What should come back is the data below, word for word, minus any picture.

**GIVEN RECORDS**
* * * *

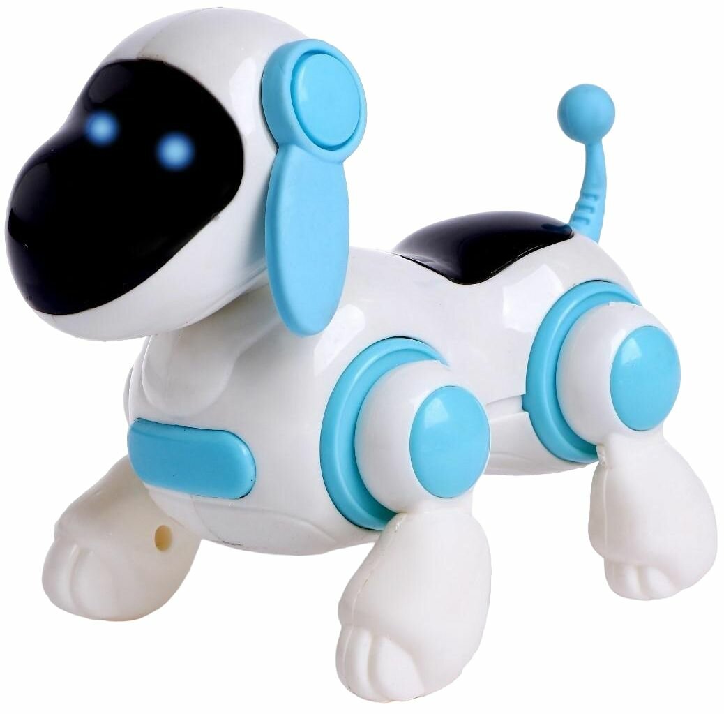 Собачка-робот игрушечная "Умный Тобби" двигающаяся, ходит и бегает, со световыми и звуковыми эффектами, работает от батареек, цвет голубой
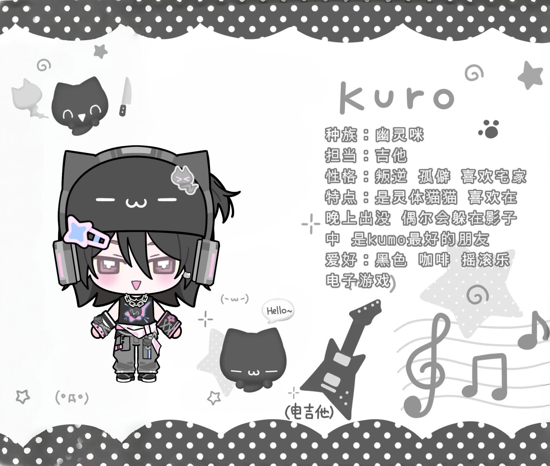 Kuro原本来自音符布丁的世界,是一只热爱夜晚与音乐的幽灵猫。
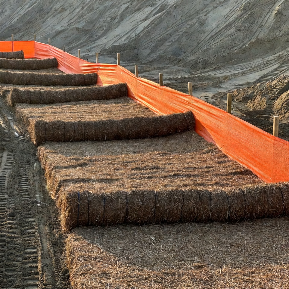 Workers arranged straw bales on a construction site. An orange fence lines the area, showing ongoing work during the day.
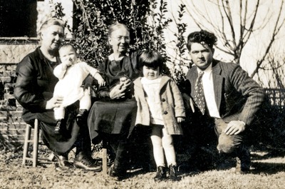 Thomas G. Conner Jr. with his mother Lena (Allen) Conner and her mother Florence Rebecca (Archer) Allen. The two children are probably Thomas' daughters, Lena (baby) and Catherine.
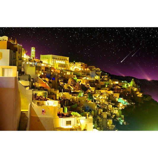 Fira By Night Black Modern Wood Framed Art Print by Heine, Ben

* * * *

**WRITTEN SOLUTION**
 Собачка-робот игрушечная "Умный Тобби" двигающаяся, ходит и бегает, со световыми и звуковыми эффектами, работает от батареек, цвет голубой
 Kuro原本来自音符布丁的世界,是一只热爱夜晚与音乐的幽灵猫。
 Workers arranged straw bales on a construction site. An orange fence lines the area, showing ongoing work during the day.
 Thomas G. Conner Jr. with his mother Lena (Allen) Conner and her mother Florence Rebecca (Archer) Allen. The two children are probably Thomas' daughters, Lena (baby) and Catherine.
 Fira By Night Black Modern Wood Framed Art Print by Heine, Ben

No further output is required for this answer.